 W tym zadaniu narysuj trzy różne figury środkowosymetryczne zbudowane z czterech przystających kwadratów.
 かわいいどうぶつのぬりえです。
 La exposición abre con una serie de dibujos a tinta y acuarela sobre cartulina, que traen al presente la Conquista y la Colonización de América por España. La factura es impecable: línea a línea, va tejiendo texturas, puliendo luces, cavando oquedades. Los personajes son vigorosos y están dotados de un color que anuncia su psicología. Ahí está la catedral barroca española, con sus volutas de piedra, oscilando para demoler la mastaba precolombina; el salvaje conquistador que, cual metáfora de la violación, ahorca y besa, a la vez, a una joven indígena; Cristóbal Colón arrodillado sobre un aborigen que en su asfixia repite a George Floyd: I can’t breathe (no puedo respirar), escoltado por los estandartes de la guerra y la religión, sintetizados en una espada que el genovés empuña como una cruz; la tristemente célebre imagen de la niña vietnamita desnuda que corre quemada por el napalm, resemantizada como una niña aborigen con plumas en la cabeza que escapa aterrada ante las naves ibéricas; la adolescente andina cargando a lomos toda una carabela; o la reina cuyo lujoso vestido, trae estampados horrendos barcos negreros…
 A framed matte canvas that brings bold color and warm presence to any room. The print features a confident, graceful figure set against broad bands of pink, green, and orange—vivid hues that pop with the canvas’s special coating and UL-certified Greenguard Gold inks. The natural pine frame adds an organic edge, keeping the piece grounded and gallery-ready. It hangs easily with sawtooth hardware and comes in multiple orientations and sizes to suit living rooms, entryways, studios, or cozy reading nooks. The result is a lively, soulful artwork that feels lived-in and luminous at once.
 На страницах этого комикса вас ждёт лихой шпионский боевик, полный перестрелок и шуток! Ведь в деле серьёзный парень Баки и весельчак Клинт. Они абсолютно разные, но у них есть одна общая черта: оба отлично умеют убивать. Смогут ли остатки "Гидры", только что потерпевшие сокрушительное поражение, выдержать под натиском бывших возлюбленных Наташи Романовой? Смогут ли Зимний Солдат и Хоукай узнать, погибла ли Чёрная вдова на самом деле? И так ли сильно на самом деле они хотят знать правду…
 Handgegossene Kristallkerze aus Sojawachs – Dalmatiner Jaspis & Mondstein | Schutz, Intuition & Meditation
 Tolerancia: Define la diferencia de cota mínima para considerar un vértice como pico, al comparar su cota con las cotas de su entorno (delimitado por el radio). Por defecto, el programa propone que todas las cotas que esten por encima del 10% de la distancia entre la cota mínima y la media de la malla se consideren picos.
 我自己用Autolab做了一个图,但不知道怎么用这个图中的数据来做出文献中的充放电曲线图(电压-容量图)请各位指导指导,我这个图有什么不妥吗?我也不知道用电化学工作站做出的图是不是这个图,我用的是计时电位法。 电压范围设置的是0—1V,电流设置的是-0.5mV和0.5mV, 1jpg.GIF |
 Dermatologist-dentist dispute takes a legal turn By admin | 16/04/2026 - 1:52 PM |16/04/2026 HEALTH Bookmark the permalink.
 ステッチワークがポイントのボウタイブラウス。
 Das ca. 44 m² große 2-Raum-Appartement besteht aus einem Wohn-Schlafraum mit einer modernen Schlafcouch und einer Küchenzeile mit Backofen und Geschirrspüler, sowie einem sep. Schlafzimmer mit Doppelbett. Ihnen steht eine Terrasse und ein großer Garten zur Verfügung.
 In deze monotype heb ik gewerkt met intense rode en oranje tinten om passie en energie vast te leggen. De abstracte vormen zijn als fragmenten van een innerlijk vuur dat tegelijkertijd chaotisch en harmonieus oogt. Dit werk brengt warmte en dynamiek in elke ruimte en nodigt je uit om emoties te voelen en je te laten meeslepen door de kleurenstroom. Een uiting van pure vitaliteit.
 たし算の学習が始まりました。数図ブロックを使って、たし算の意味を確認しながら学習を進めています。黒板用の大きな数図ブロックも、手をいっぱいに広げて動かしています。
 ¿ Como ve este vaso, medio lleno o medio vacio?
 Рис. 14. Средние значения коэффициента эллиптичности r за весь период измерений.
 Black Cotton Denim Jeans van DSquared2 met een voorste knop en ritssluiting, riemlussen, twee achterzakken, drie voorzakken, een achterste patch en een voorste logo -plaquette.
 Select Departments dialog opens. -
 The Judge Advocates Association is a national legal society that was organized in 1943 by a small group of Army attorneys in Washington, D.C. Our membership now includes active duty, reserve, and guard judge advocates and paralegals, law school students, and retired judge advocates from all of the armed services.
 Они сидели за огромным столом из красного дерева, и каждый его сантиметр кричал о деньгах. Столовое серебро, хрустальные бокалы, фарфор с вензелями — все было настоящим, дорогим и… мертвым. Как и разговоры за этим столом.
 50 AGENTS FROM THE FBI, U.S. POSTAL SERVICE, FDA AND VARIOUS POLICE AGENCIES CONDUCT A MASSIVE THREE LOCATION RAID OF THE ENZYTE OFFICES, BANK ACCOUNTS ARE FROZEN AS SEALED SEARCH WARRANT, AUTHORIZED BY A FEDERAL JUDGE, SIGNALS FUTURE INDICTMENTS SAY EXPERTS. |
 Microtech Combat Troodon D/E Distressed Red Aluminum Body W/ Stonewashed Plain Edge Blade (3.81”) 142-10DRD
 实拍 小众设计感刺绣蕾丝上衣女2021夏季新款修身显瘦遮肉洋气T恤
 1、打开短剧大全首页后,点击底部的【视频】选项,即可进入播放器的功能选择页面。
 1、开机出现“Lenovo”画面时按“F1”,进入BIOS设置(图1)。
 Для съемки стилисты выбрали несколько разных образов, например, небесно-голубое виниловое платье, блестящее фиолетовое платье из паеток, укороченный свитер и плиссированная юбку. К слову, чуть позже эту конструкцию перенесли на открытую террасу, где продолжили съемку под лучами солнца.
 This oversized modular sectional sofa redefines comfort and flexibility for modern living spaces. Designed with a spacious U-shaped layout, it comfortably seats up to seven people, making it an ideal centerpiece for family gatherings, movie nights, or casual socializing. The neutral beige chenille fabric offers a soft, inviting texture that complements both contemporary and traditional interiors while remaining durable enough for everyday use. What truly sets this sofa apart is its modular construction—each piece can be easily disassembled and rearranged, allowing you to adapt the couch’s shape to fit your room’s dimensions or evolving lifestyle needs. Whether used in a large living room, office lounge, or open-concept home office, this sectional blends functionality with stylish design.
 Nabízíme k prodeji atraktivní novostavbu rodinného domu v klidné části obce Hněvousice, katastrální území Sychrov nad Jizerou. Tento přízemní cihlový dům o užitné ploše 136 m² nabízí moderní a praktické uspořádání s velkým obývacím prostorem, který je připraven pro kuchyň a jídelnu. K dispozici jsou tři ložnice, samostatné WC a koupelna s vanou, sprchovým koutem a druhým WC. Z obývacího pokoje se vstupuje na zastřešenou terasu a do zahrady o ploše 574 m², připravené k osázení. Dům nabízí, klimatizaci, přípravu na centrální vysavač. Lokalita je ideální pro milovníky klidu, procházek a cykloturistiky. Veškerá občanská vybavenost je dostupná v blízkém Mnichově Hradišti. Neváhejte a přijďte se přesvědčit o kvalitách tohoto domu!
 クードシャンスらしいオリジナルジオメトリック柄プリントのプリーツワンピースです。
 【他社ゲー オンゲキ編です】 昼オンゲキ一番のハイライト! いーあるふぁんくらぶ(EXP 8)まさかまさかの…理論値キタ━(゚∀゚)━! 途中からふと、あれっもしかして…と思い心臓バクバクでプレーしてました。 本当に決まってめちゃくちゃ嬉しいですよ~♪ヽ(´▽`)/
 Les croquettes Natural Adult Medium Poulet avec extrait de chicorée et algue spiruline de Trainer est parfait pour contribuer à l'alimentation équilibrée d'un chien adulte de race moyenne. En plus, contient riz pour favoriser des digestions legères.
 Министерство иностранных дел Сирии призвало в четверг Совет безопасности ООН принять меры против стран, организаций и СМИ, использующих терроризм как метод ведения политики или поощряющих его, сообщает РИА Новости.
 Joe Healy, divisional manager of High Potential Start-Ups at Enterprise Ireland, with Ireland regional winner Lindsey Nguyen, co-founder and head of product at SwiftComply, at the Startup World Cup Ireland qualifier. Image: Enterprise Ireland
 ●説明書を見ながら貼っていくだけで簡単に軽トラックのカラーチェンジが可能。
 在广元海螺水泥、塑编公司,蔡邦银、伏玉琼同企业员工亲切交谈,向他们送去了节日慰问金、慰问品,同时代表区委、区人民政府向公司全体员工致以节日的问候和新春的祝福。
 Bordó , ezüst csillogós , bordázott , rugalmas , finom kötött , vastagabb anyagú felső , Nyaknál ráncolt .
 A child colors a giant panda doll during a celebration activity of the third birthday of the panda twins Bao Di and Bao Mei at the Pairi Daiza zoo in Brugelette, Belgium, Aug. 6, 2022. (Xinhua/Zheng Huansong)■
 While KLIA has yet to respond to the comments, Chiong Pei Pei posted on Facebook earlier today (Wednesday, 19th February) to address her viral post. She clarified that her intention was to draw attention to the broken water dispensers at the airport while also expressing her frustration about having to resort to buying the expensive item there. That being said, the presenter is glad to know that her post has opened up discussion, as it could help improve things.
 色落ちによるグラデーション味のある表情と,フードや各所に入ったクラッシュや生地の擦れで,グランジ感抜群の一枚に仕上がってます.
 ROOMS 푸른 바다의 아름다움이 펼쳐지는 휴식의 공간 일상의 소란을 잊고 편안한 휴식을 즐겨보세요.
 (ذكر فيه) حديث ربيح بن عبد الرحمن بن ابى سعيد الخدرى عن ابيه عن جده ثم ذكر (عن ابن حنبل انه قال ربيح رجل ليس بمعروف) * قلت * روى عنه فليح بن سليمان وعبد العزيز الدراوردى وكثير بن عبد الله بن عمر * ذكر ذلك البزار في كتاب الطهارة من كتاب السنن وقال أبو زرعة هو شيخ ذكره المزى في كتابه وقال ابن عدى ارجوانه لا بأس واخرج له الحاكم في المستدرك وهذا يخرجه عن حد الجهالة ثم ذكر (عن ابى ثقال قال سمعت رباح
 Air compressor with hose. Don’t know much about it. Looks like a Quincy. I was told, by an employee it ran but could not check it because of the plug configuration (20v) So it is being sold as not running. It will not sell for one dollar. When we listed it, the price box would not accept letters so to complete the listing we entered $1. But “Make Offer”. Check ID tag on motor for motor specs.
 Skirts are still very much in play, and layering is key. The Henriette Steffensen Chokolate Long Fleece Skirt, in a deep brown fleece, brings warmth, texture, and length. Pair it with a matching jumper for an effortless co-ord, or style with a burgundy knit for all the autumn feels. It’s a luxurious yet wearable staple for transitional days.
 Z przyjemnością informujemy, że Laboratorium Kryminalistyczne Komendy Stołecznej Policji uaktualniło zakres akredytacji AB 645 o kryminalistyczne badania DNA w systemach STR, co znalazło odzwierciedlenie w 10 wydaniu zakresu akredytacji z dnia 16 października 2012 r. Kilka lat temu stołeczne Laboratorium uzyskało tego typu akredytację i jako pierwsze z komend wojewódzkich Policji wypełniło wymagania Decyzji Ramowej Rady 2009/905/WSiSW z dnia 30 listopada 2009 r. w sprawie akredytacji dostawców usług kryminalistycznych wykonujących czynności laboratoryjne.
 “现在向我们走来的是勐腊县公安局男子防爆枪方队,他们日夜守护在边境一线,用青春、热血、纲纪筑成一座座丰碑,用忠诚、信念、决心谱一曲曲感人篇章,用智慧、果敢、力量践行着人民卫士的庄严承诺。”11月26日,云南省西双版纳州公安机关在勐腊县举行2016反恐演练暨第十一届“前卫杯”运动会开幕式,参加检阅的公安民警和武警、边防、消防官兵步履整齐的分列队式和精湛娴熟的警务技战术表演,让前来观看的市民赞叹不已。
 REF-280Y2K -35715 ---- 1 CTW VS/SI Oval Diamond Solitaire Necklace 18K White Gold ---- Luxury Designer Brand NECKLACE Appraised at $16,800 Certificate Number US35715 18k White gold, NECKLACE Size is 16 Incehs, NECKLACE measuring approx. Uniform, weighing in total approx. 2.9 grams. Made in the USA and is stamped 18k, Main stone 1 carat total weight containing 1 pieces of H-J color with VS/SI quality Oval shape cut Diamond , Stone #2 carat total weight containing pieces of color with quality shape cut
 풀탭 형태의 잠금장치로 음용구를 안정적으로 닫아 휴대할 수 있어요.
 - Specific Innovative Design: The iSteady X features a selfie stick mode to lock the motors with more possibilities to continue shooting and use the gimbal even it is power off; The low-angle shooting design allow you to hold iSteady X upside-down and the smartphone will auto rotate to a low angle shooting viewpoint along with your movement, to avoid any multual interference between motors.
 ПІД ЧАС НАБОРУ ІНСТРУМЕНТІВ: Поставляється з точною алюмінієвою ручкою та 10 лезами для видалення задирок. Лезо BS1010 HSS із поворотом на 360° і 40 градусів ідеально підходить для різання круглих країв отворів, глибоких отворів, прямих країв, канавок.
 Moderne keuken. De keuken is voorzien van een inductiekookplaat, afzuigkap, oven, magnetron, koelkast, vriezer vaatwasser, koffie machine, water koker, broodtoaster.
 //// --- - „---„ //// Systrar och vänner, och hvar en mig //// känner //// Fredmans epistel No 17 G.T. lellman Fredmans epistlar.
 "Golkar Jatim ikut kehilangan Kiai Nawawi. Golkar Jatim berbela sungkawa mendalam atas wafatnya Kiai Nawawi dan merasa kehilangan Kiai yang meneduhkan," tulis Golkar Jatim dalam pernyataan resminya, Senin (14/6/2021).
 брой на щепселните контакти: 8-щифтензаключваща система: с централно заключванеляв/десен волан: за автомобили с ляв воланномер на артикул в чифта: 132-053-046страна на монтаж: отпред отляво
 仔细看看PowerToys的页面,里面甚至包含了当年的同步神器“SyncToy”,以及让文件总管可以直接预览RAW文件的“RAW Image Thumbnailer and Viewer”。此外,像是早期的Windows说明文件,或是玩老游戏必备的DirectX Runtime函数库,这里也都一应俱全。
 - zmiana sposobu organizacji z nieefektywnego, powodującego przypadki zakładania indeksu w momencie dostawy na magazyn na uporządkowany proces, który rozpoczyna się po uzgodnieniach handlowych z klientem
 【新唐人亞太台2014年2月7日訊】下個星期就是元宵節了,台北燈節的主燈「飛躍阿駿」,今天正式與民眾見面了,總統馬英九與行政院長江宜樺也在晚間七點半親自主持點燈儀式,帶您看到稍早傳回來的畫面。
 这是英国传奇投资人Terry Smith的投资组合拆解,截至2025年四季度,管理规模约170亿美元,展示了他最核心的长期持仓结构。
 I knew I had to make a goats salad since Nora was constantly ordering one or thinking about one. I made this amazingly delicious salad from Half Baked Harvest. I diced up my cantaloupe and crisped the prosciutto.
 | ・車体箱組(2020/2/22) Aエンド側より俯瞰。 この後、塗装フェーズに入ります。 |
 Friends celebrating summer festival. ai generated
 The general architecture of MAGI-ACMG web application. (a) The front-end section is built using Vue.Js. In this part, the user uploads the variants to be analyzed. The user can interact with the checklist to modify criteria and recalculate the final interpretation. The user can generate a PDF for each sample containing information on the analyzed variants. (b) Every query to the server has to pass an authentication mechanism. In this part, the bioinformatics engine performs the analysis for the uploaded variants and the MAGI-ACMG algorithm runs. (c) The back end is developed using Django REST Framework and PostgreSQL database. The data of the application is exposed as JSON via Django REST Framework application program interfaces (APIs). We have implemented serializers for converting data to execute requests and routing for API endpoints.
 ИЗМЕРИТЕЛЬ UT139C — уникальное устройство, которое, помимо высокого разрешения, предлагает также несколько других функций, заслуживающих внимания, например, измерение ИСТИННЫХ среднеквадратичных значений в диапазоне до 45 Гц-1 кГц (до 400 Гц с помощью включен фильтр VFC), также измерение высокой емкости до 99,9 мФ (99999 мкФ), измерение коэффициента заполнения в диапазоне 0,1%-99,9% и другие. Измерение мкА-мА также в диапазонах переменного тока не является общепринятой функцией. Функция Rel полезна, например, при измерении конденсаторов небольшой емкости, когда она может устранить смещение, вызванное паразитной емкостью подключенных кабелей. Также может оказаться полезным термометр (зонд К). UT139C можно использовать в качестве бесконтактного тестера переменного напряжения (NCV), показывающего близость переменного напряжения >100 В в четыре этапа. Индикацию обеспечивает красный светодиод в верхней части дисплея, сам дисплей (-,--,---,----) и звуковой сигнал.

- _Problem requirements_
Please print, exactly and with nothing else, the lines from the first line of the entries through the line containing "かわいいどうぶつのぬりえです。".

- _Exercise answer_
 W tym zadaniu narysuj trzy różne figury środkowosymetryczne zbudowane z czterech przystających kwadratów.
 かわいいどうぶつのぬりえです。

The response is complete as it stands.